I Tried Building a RoadRash-Style Game in the Browser Using AI — Here’s What Happened
February 8, 2026
Introduction
For a long time, I’ve had a persistent idea in the back of my mind: rebuilding a classic RoadRash-style game that runs directly inside a web browser.
No installations. No emulators. Just a playable experience accessible from anywhere.
With modern AI models becoming increasingly capable at generating code, I decided to treat this as an experiment: could AI act as a meaningful development partner for building such a game?
Rather than keeping this as a private project, I chose to build it publicly.
The Setup
To formalize the experiment, I created a dedicated space:
- Domain: https://builtwithai.fyi
- Project URL: https://roadrash.builtwithai.fyi
The objective was straightforward: rely heavily on AI-assisted development, intervene minimally, and observe where things succeed or break.
Since I already had a Google AI Pro subscription, I decided to begin entirely within Google’s AI tooling ecosystem.

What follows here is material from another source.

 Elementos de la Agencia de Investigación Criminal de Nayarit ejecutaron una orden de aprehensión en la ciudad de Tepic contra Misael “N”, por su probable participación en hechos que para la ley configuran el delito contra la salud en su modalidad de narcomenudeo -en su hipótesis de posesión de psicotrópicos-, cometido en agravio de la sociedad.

Phase 1: Prompt Engineering with Gemini
Instead of immediately asking an agent to build the game, I first asked Gemini a meta-level question:
“Generate a prompt that can be used with Jules to build a RoadRash-style browser game.”

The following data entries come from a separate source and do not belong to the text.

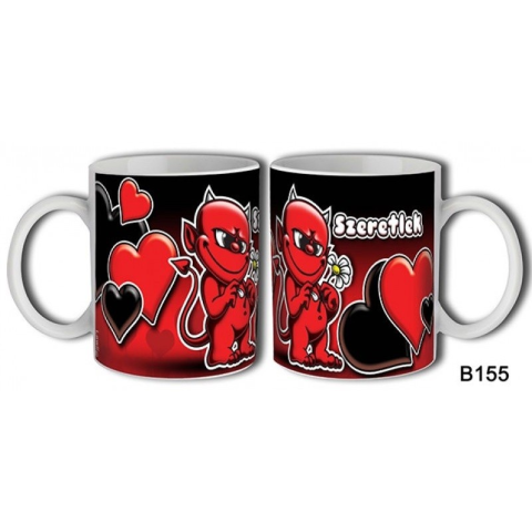 Bögre, Valentin nap, ördög, szívvel és virággal, szeretlek 3 dl Anyaga: kerámia Befoglaló mérete: 12 x 8 x 9,5 cm
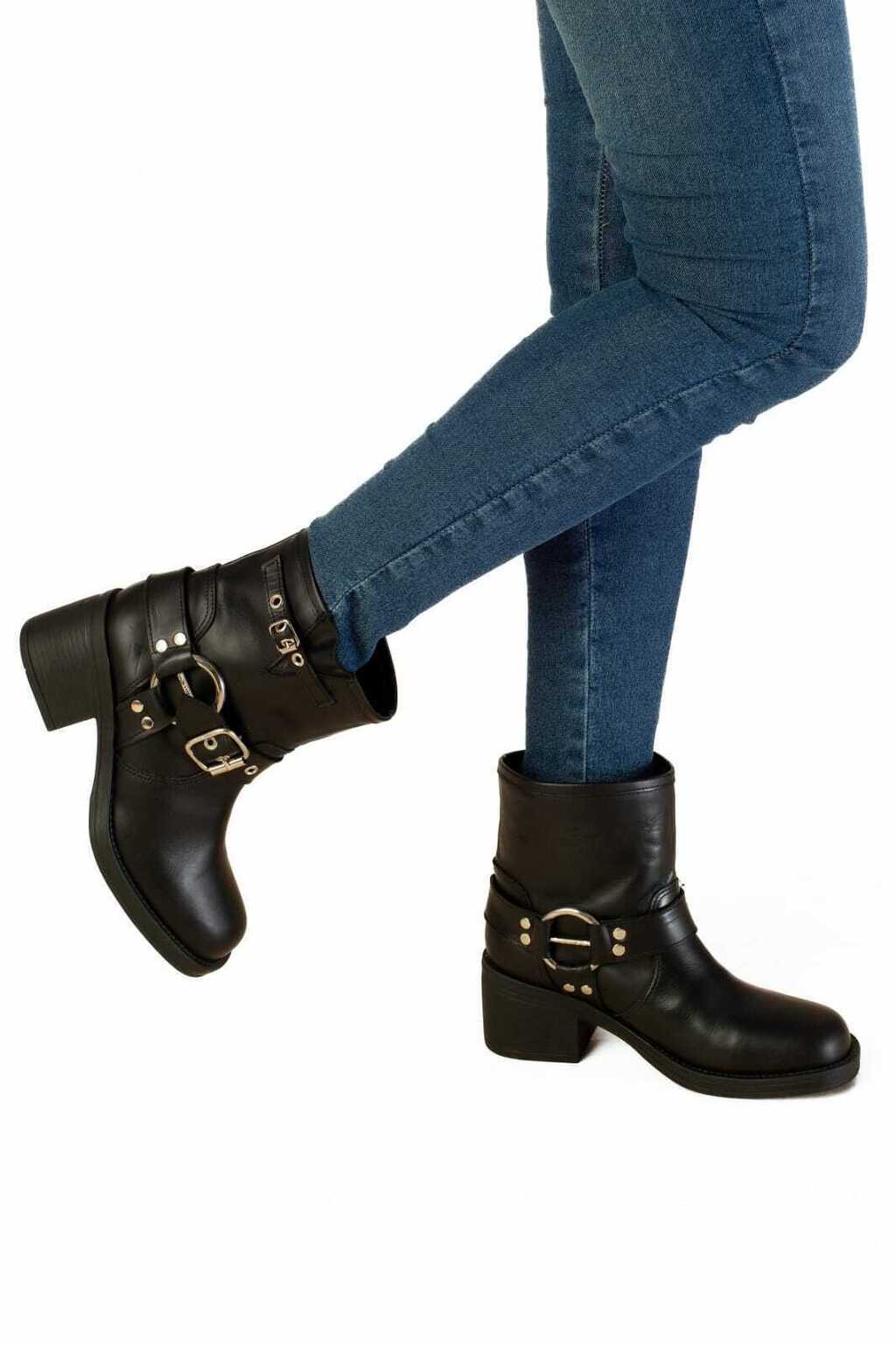 Borcego tendencia con aplique de estribo y hebillas. Base de goma antideslizante ultraliviana de 4,5cm de altura.
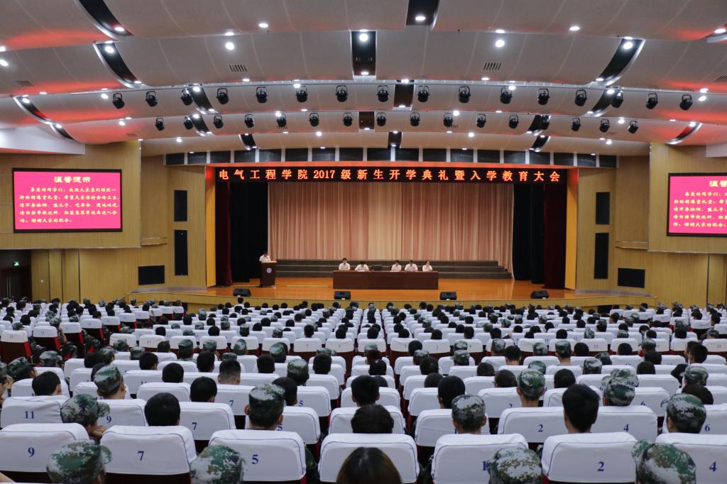 9月22日下午,电气工程学院在明德堂召开了2017级新生开学典礼暨入学教育大会。学院教务处副处长刘军旭,学生处副处长张科海,电气工程党总支书记杜云、副院长夏东盛参加了会议。庄严的国歌声过后,杜云书记致辞,她回顾了电气学院的发展历史和取得的成就,从观念转变、坚持奋斗、诚信做人、健康成长、珍惜拥有等5个方面给予新同学语重心长的教诲,希望每一位新生从入学的第一天开始养成良好的生活习惯,努力学习,提高综合素养,成为优秀大学生。

Gemini produced a detailed prompt, which I then supplied directly to Jules to initiate the build process.
Phase 2: Jules Execution
Jules ran for several hours without interruption and ultimately produced a working output.
The result was technically functional: a playable motorcycle game running in the browser. However, the experience was extremely minimal and lacked the defining characteristics of the classic RoadRash games.

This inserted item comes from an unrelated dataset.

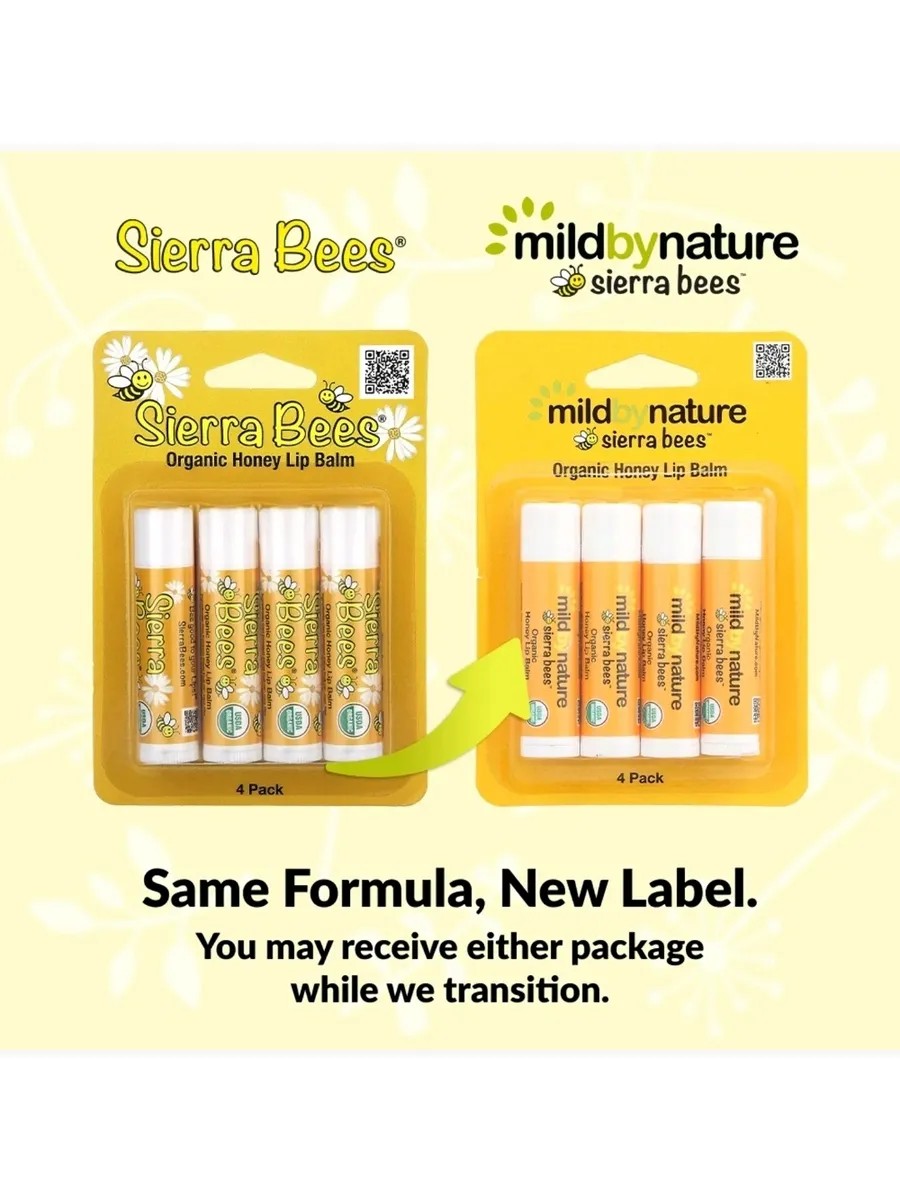 Organic Honey Lip Balm (4 x 4.25 grams) contains organic beeswax, olive oil, sunflower oil, fragrance, honey extract, and vitamin E, all sustainably produced. Contains no sulfates, preservatives, or artificial fragrances.
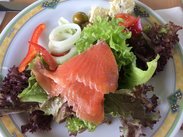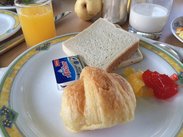 转天早上吃早餐,坐下的时候服务员会问你是否需要单点,我看了一下菜单,有中文,以为就是各种煎蛋,就点了三份,结果上来的时候傻眼了。根本是正餐的分量,有蛋有肉有配餐的那种。我还自己去自助区拿了一大堆,根本吃不完,又不能浪费,硬着头皮吃吧。茶和咖啡也是单点,我们喜欢喝果汁就没有点。早餐非常的丰盛,尤其是糕点类的很好吃,点的太多,都快吃吐了。我们快吃完的时候,发现餐厅里面也都快坐满了,欧美人的早上才刚刚开始呀。

While this demonstrated that long-form autonomous code generation is possible, the outcome felt more like a prototype than a recognizable game.
Phase 3: Iteration Challenges
The natural next step was refinement. I attempted to provide additional prompts to Jules to improve visuals, mechanics, and overall feel.
At this point, the workflow became unstable. Jules repeatedly failed to pause or resume sessions, effectively blocking further progress through that channel.
This highlighted a practical limitation of agent-based development: session reliability becomes a critical dependency.
Phase 4: Gemini Code Assist
To continue iteration, I moved the generated code into VS Code and used Gemini Code Assist to request structural and gameplay improvements.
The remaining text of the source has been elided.